Anne Hathaway, to her credit, gives absolutely everything to this performance. It’s a startlingly demanding role, requiring her to bounce between commanding stage performances and emotionally raw confrontations with Coel. She handles both sides of the equation beautifully. Coel is equally locked into the film’s wavelength, navigating the gothic mystery that hangs over every interaction. There’s never a moment where either actress feels miscast or incapable of carrying the material, in fact for much of it they feel overqualified, doing their best to string along a story that doesn’t offer enough to sink your teeth into.
Lowery spends much of the first hour refusing to show his hand. Information arrives in fragments. Conversations dance around specifics, and motivations are intentionally obscured. It’s a storytelling approach that can create intrigue when executed well, but here it risks exhausting the audience’s willingness to keep playing along. I spent much of the film feeling like I’d accidentally wandered into the second act of a story whose first act had been misplaced.
We understand that Mother Mary and Sam have suffered a falling out. We understand that their relationship carries emotional baggage. What we never fully understand is who they are outside of that history. Their careers are defined. Their shared pain is defined. Everything else feels frustratingly vague.
As a result, the reunion at the center of the film never lands with the emotional force it’s clearly reaching for. It’s difficult to care deeply about two people reconnecting when you’ve barely been given a reason to know them in the first place.
That disconnect becomes increasingly noticeable because of how heavily the film was marketed around its concert imagery. They’re intermittently edited into a movie otherwise consumed by quiet conversations and table-setting for revelations that take far too long to arrive. By the time the second half begins delivering answers, I found myself struggling to remain invested in questions that never grabbed me in the first place.
Stylistically, Mother Mary often reminded me the most of Peter Strickland’s In Fabric. The giallo-inspired visual language, heightened artifice, and dreamlike atmosphere all feel spiritually connected. The difference is that In Fabric continually pushes itself toward stranger and riskier places. Whether or not every swing connects, Strickland’s film feels determined to explore every bizarre corner of its premise. Mother Mary, by comparison, feels oddly restrained despite its enigmatic presentation.
There’s certainly admiration to be had here. Hathaway and Coel are excellent. The concert sequences are phenomenal.
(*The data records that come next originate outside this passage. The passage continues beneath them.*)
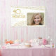40 et Fabulous Gold Parties scintillant Photo 40th Birthday Party Banner. Cadre d'anniversaire moderne avec typographie branchée et taches de parties scintillant faux or. Le design a une photo et un nom personnalisés. Faites-lui une bannière personnalisée pour la fête du 40e anniversaire.
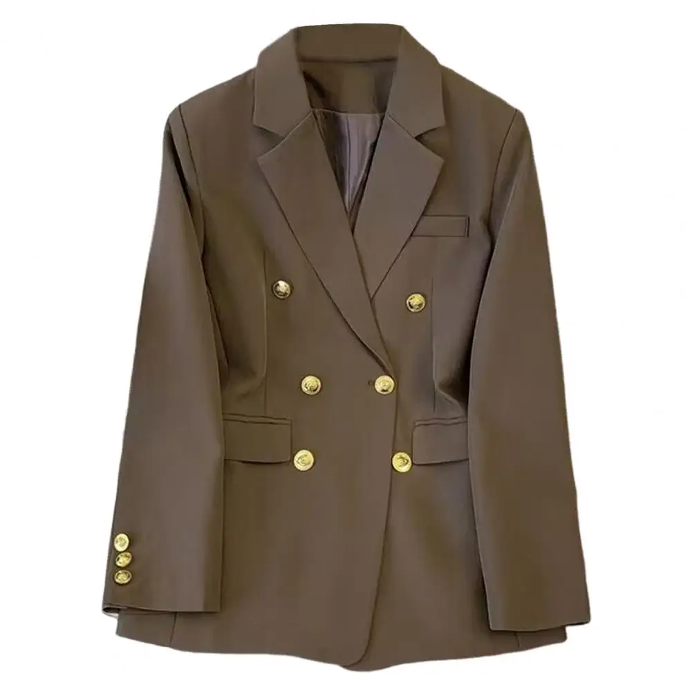 Slimming Effect Suit Coat Elegant Women's Double Breasted Suit Jacket with Lapel Slim Fit Work Outwear Solid Color for Office
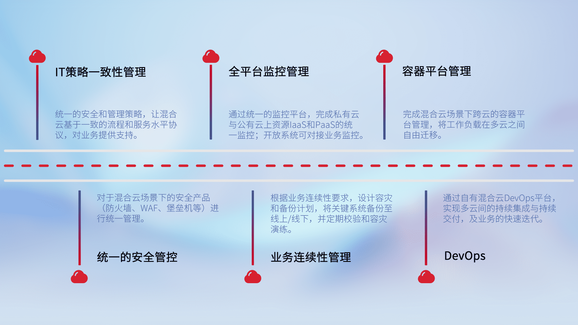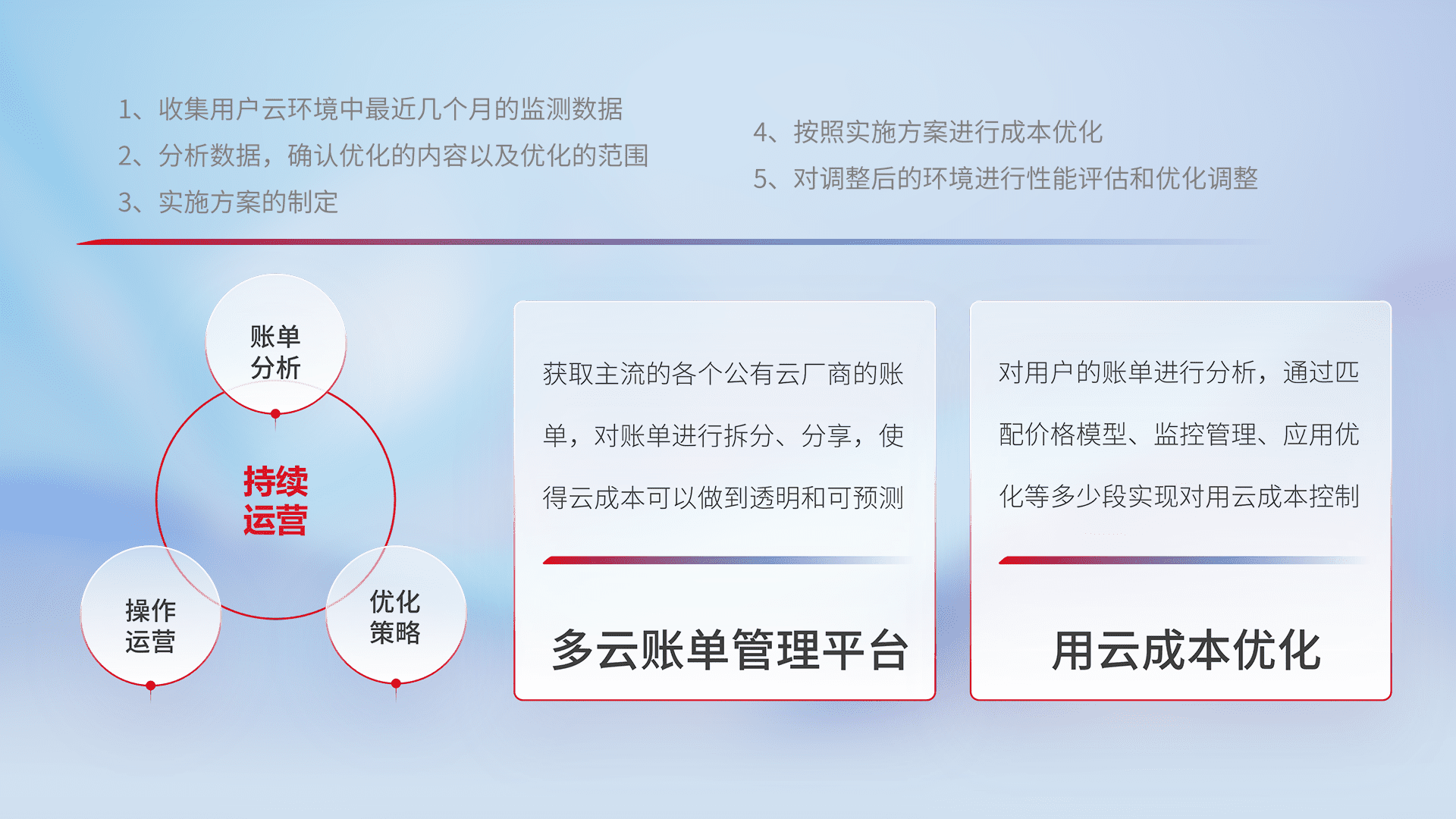 通过多云纳管,,,,以统一的资源数据模型把客户的云资源进行抽象和封装,,,进而实现对多云资源的统一操作,,保障云资源管理的可靠性、、稳定性与可用性。。。量身定制化运维内容,,配置、、开发运维、、、补丁管理、、、、备份、、、监控、、认证和访问管理、、、审计和日常巡检等,,保障在用云过程中的可靠度,,稳定度以及高可用率。。。

Lowery remains a filmmaker whose ambitions are far more interesting than most directors working at this scale. But ambition only gets you so far when the emotional foundation underneath it feels this thin.
READ MORE MOVIE REVIEWS: Obsession, Kontinental ’25, Backrooms
Mother Mary constantly gestures toward depth without ever quite finding it. For some viewers, that ambiguity will likely be the appeal. For me, it resulted in a film that feels caught between two far more interesting versions of itself: a dazzling concert spectacle and an intimate character study. It never fully commits to either, and I wish it committed to option A. Lowery continues walking that tightrope. This time, unfortunately, he falls off.
Score: 4/10

Mother Mary (2026)
- Cast: Anne Hathaway, Michaela Coel, Hunter Schafer
- Director: David Lowery
- Genre: Drama, Music, Thriller
- Runtime: 108 minutes
- Rated: R
- Release Date: April 17, 2026
- Movies Like Mother Mary: Trap, Last Night in Soho, The Bride!